DATA PROVIDED:
===============

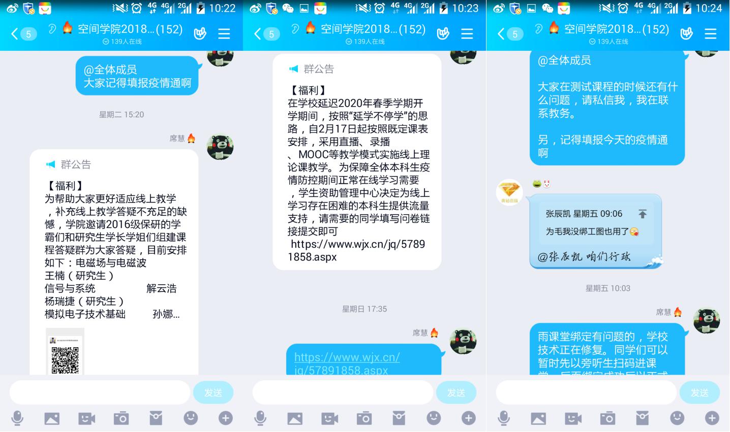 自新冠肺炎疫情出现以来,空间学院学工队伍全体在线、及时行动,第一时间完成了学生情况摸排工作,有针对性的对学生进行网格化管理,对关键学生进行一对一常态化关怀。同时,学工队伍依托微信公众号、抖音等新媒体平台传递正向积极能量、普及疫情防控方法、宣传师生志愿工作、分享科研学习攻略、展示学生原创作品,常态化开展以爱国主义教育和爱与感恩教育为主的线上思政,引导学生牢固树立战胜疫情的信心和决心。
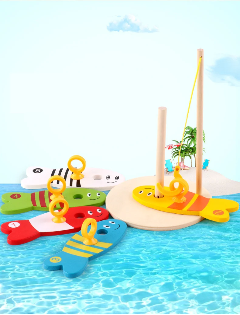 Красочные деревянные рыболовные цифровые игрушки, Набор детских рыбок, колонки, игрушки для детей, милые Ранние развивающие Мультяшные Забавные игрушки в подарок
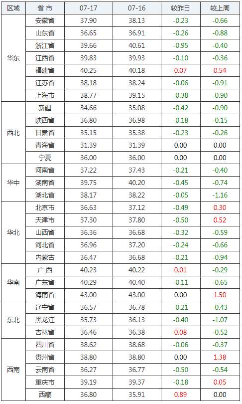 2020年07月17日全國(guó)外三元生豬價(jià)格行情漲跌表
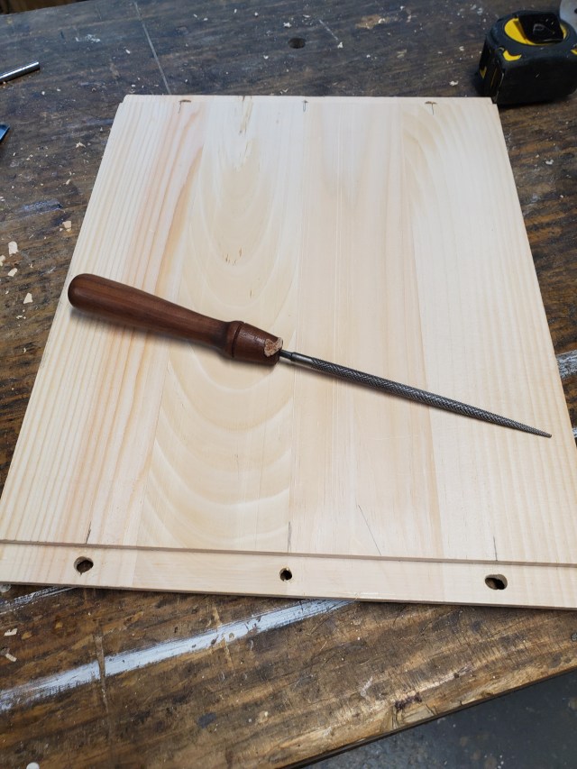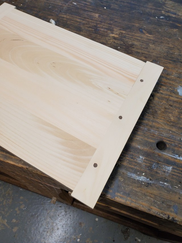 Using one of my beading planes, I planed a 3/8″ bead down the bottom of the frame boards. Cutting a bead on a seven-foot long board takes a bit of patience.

===============

AIM OF THE TASK: The listing above is to be retyped word for word, with the pictures omitted.

RESPONSE BELOW:
 自新冠肺炎疫情出现以来,空间学院学工队伍全体在线、及时行动,第一时间完成了学生情况摸排工作,有针对性的对学生进行网格化管理,对关键学生进行一对一常态化关怀。同时,学工队伍依托微信公众号、抖音等新媒体平台传递正向积极能量、普及疫情防控方法、宣传师生志愿工作、分享科研学习攻略、展示学生原创作品,常态化开展以爱国主义教育和爱与感恩教育为主的线上思政,引导学生牢固树立战胜疫情的信心和决心。
 Красочные деревянные рыболовные цифровые игрушки, Набор детских рыбок, колонки, игрушки для детей, милые Ранние развивающие Мультяшные Забавные игрушки в подарок
 2020年07月17日全國(guó)外三元生豬價(jià)格行情漲跌表
 Using one of my beading planes, I planed a 3/8″ bead down the bottom of the frame boards. Cutting a bead on a seven-foot long board takes a bit of patience.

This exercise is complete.